Even closer study of the agreement offered only an “intention” in 2025 for the two countries to agree Nationally Determined Commitments to 2035.
That said however, Zhenhua stated that Beijing now wants to expand its existing carbon trading system to include sectors other than power generation to accelerate the transition.
“We hope to sort out Article 6 for a global carbon market,” Zhenhua said in answer to neworator.com’s question about carbon border adjustment mechanisms that usually are interpreted by countries as a tax on countries refusing to significantly mitigate their carbon emissions.
While no new ambition nor initiatives revealed by either country, China could be encouraged to transform Article 6 in line with a hard emissions target.
Where traditionally countries take on national commitments, co-ordinating an international carbon market requires attacking the problem at source. Ideally any cap should be placed on the carbon versus energy content of fuel and energy as it comes to market. A science-based cap of between 25-40 percent as of 2023 with a mechanism to increase that cap between 3-5 percent annually would send the market signal, to investors and help avoid stranded assets and capital that could be invested elsewhere.

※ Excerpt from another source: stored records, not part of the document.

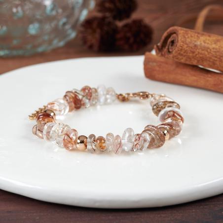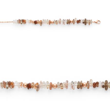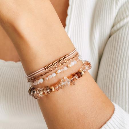 Bracelet acier rose avec cristal de roche réglable de 17 à 20 cm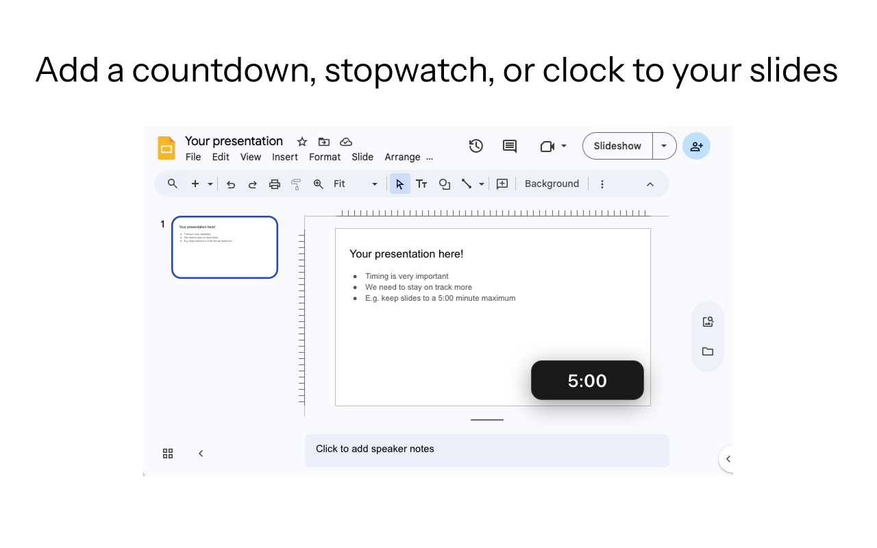 用于 Google 幻灯片演示文稿的实时计时器叠加,具有倒计时、秒表和挂钟模式。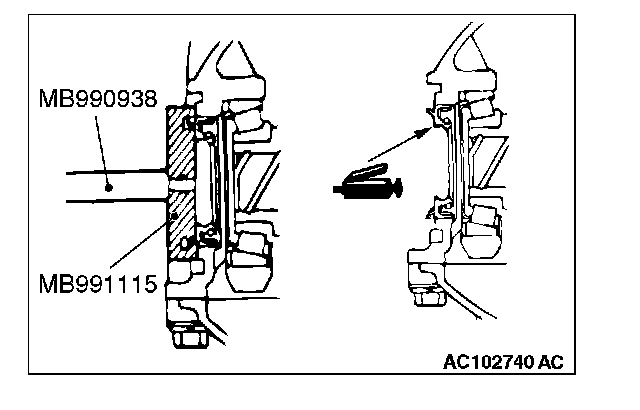 3. Use special tools MB990938 and MB991551 to press-fit a new oil seal.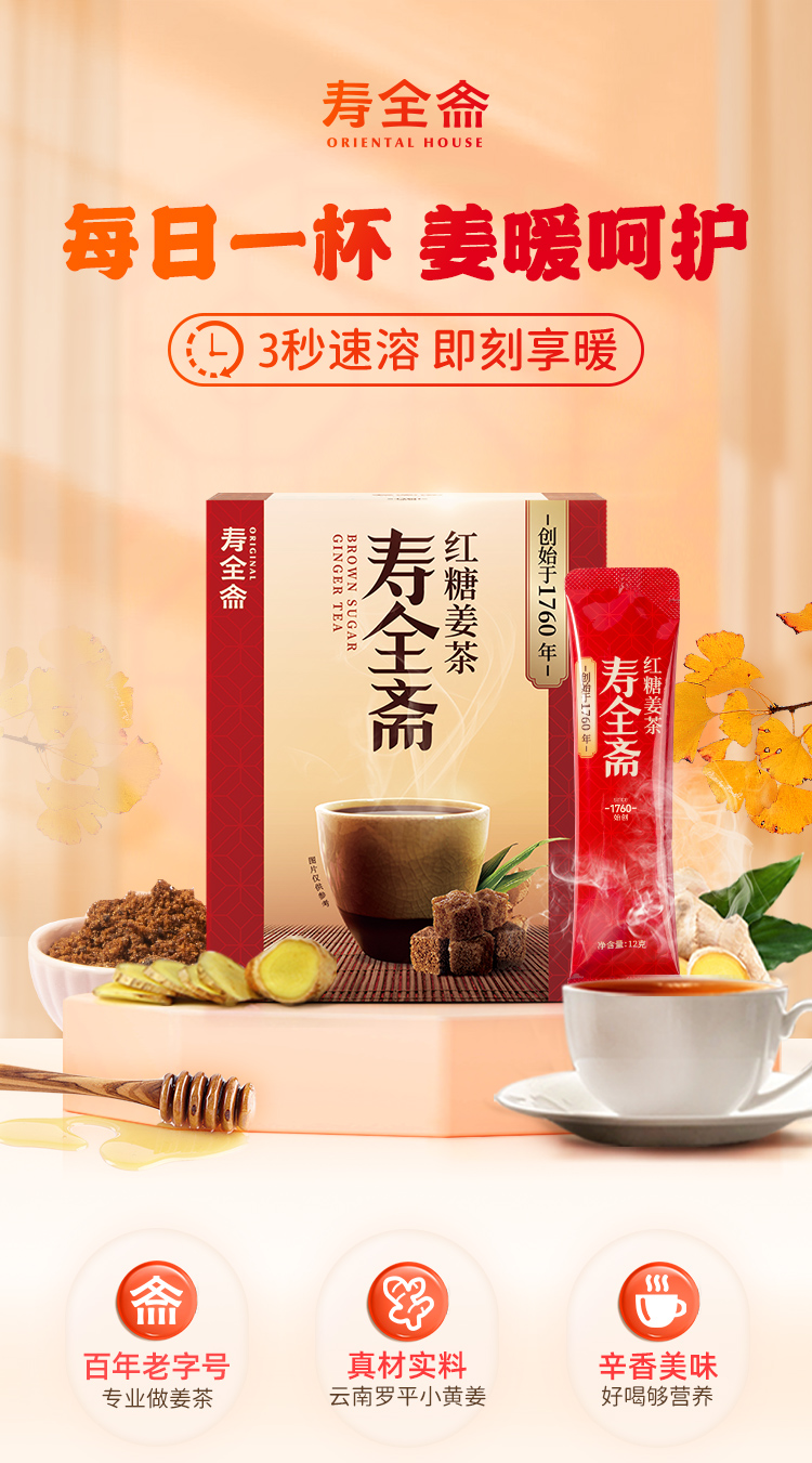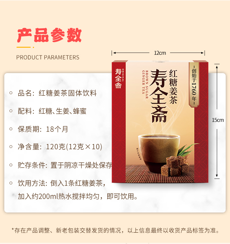 【配方升级】寿全斋红糖姜茶12g*10包/盒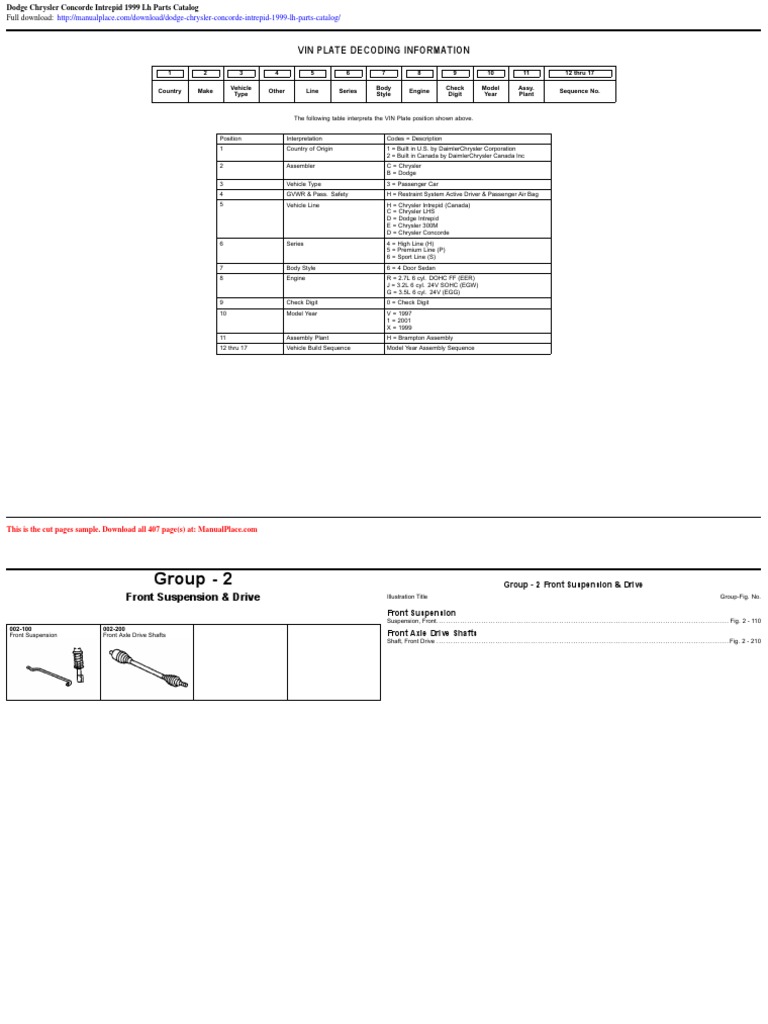 Dodge Chrysler Concorde Intrepid 2002 LH Parts Catalog PDF Chrysler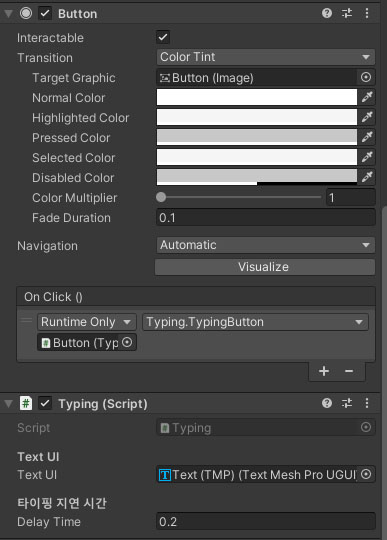 Button에 Typing.cs 스크립트를 넣고 Button 이벤트에 위 이미지처럼 TypingButton을 연결시켜 줍니다.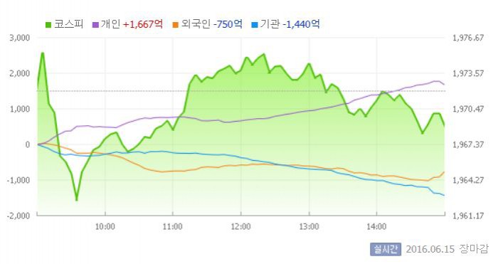 이날 코스피는 전일 대비 0.00% 하락한 1972.00으로 장을 시작했다. 이후 지수는 외국인과 기관의 팔자세에 1970선 아래로 내려앉았다.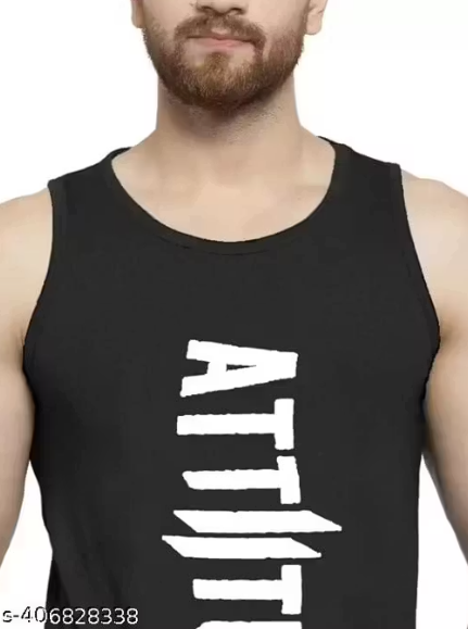Upgrade your casual style with this black printed sleeveless T-shirt, designed for comfort and a bold, modern look. Crafted from soft cotton fabric, it offers excellent breathability and a smooth feel—perfect for all-day wear.
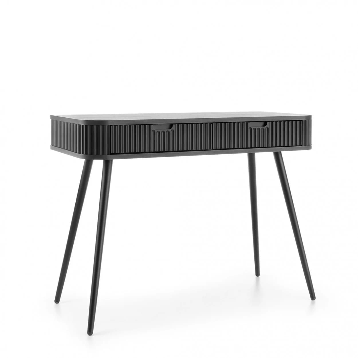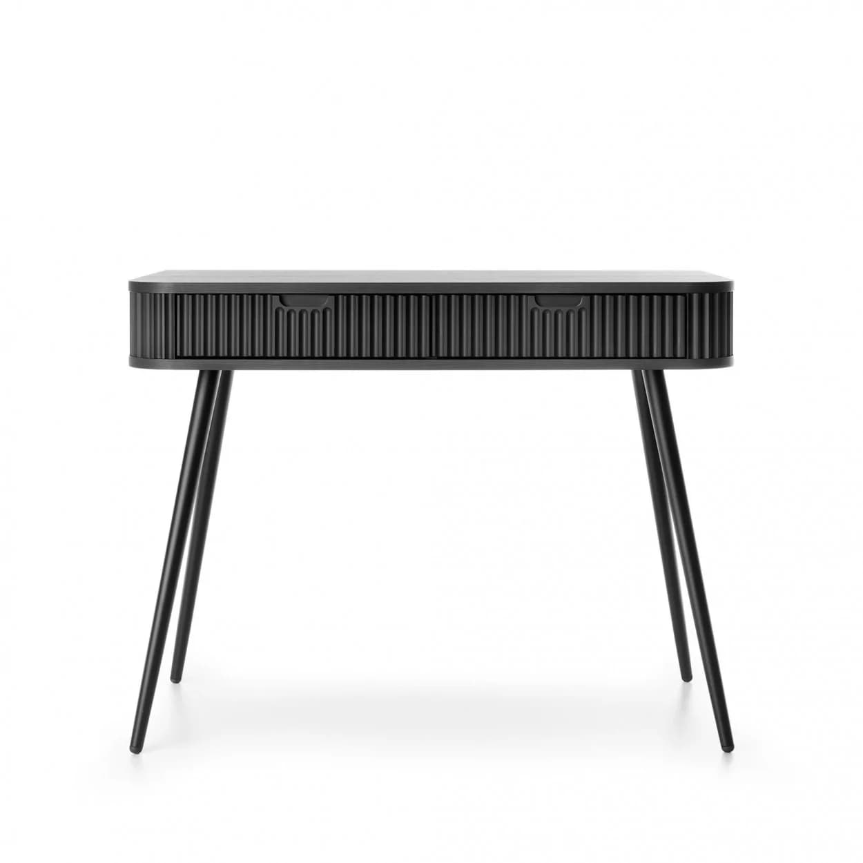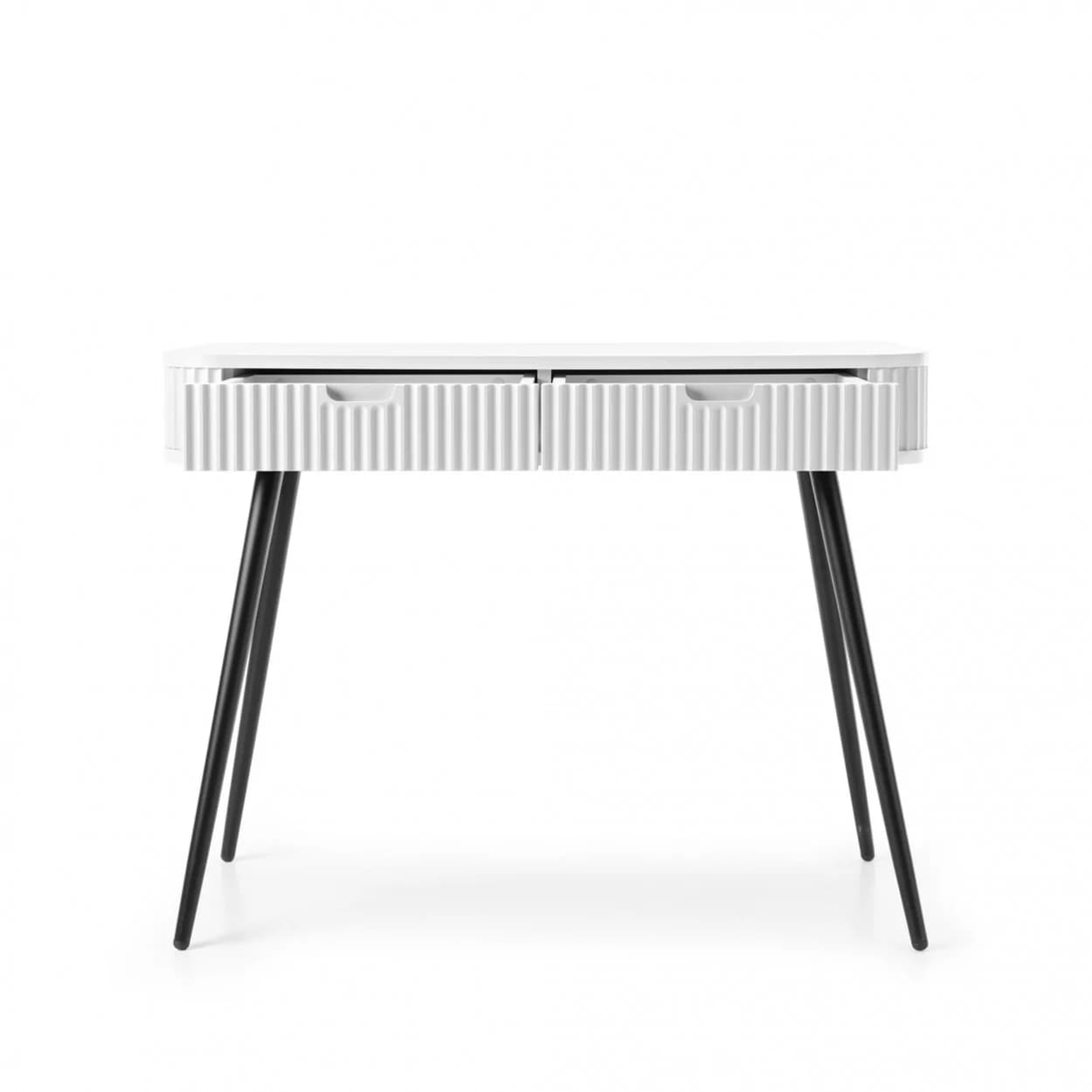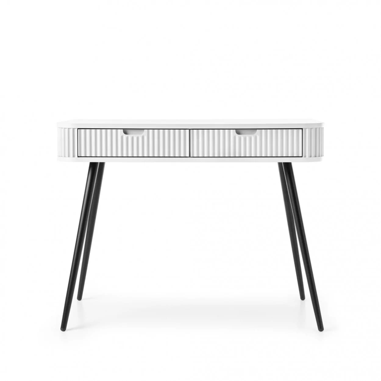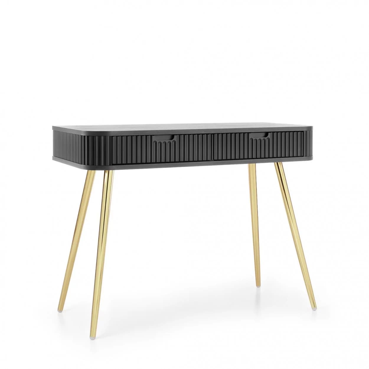 Konsola ZOYA z ryflowanym frontem i zaokrąglonymi bokami to połączenie nowoczesnego stylu i praktyczności. Dostępna w trzech kolorach, z nóżkami w złotym lub czarnym wykończeniu.

Moreover, the cap would apply to suppliers, providers and distributors of fossil fuels and clean energy, creating the global carbon club advocated by environmental economist William Nordhaus. After trading their carbon credits amongst themselves, offsetting remaining carbon credits through green clean infrastructure initiatives, emissions reducing industrial processes, landfill methane that would be created to replace the former joint implementation and Clean Development Mechanism under Kyoto.
Alternatively emissions credits can be traded under the REDD+ avoided deforestation mechanism. As Kevin Conrad of the Coalition of Rainforest Nations who negotiates for Papua New Guinea told media Friday, there is more carbon stored in the world’s forests than in all the world’s fossil fuels.
Ideally such an approach would include every nation as developing and least developed countries would not need to make any Nationally Determined Commitment but instead would be pegging the same international energy standards and thus close out the so-called carbon leakage debate.
Countries not co-operating would be subject to a carbon border adjustment mechanism, ideally tradeable under World Trade Organization guidelines. In turn these could be converted into green bonds and deposited within the Loss and Damage mechanism or Adaptation fund for developing and least developed countries (LDCs) to adapt to climate change.
As the Glasgow COP26 talks progress, ambition is still high on every negotiator’s wishlist with Article 6 international carbon market issues being slated to be put into a new mechanism to be negotiated and finalized next year.